# Bible Readings for the Week before Easter



## pastorway (Apr 7, 2004)

So where was Jesus and what did He do and say each day of the last week before His crucifixion? Here is the Biblical text from the Gospel accounts arranged chronologically to be read this week so that you might read and study what happened daily with Jesus and the disciples.

[b:9fdb92e696]Eight Days - Selected Scriptures from the Four Gospels[/b:9fdb92e696]
A.D. 30 or 33 (dates work for both years)
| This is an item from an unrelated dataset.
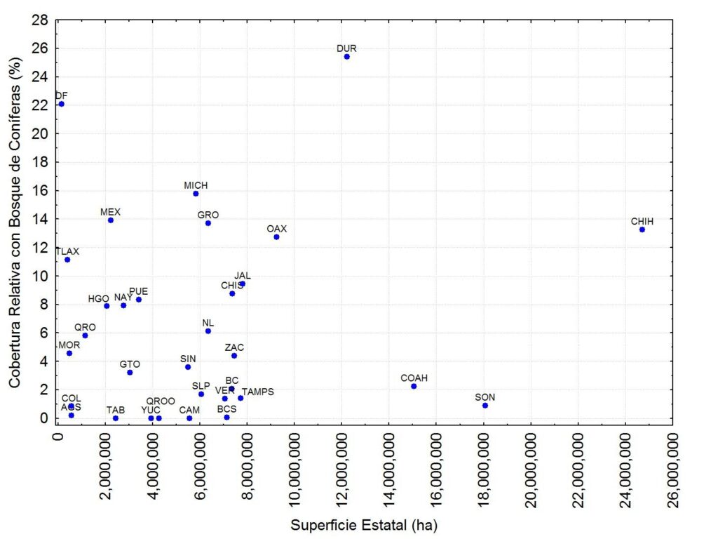 El sistema ecológico bosque de coníferas cubre un total de 13,852,125 hectáreas, es decir, 7.1% del territorio nacional. Con excepción de los estados de Campeche, Quintana Roo, Tabasco y Yucatán, los bosques de coníferas están presentes en todos los estados de la república mexicana. Cinco estados: Chihuahua, Durango, Oaxaca, Michoacán y Guerrero cuentan con el 67% de la superficie de bosques de coníferas del país (Inegi, 2007).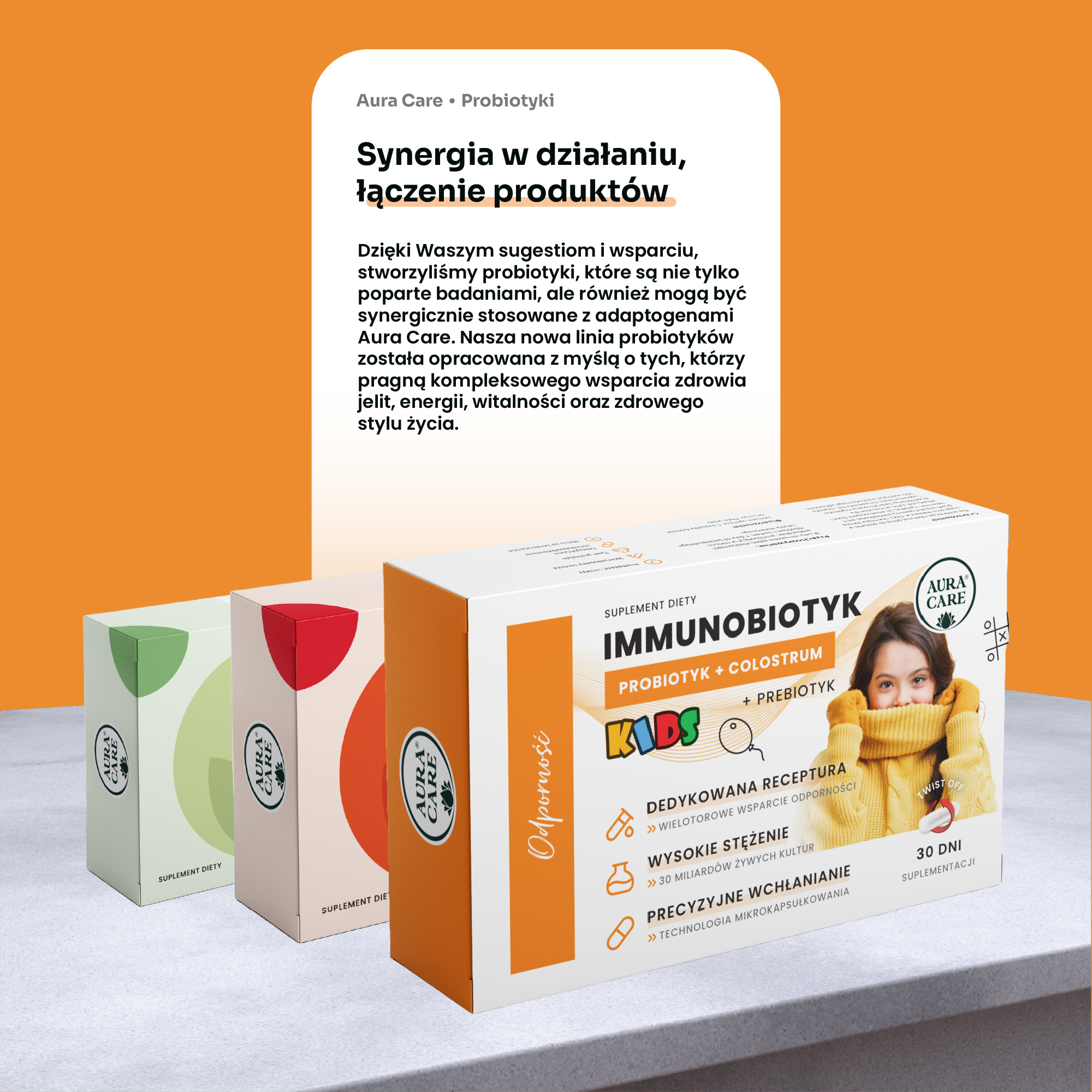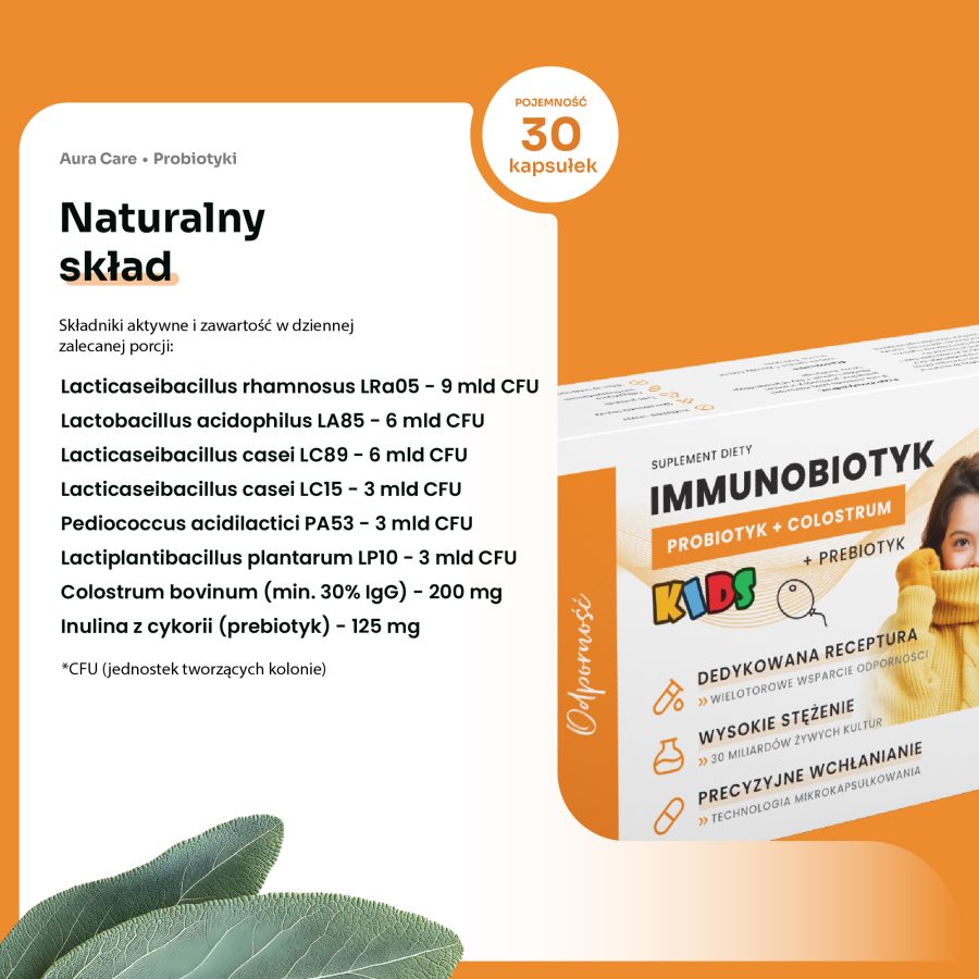 Aura Care – Immunobiotyk Kids | Wielotorowe wsparcie odporności i mikrobiomu dziecka

1. Sunday, Nisan 9 - Matt. 20:17-34; Mark 10:32-52; Luke 18:31-43
2. Monday, Nisan 10 - Matt. 21:1-11; Mark 11:1-10; Luke 19:29-38; John 12:12-15
3. Tuesday, Nisan 11 - Matt. 21:12-17; Mark 11:15-17; Luke 19:45-46
4. Wednesday, Nisan 12 - Matt. 21:18 - 26:16; Mark 11:11 - 14:11; Luke 20:1 - 22:6
5. Thursday, Nisan 13 - Matt. 26:17-75; Mark 14:12-72; Luke 22:7-62; John. 13:21 - 18:27
6. Friday, Nisan 14 - Matt. 27:1-61; Mark 15:1-47; Luke 22:66 - 23:55; John 18:28 - 19:42
7. Saturday, Nisan 15 - Matt.21:62-66; Luke 23:56
8. Sunday, Nisan 16 - Matt. 28:1-8; Mark 16:1-6; Luke 24:1-11; John 20:1-8

[b:9fdb92e696]Background: The First Passover - Israel and the Exodus[/b:9fdb92e696]
Ex 12; Lev 23:4-5; Num 28:16-25; Deut 16:1-8

Abib was the first month in the Jewish year and fell in March/April on our calendar 
On the Tenth of Abib - Selection of the Passover Lamb which was brought into the home as a pet
On the Fourteenth of Abib - Sacrifice the lamb between 3-5 pm, cook, and eat the Lamb 
On the Fifteenth to Twenty-first of Abib - Feast of Unleavened Bread

Abib (means "green" or "tender") was renamed Nisan (means "first month") after the Exile in Babylon Nehemiah 2:1; Ezra 3:7

[b:9fdb92e696]Significant Events during the Passover Week with Jesus[/b:9fdb92e696]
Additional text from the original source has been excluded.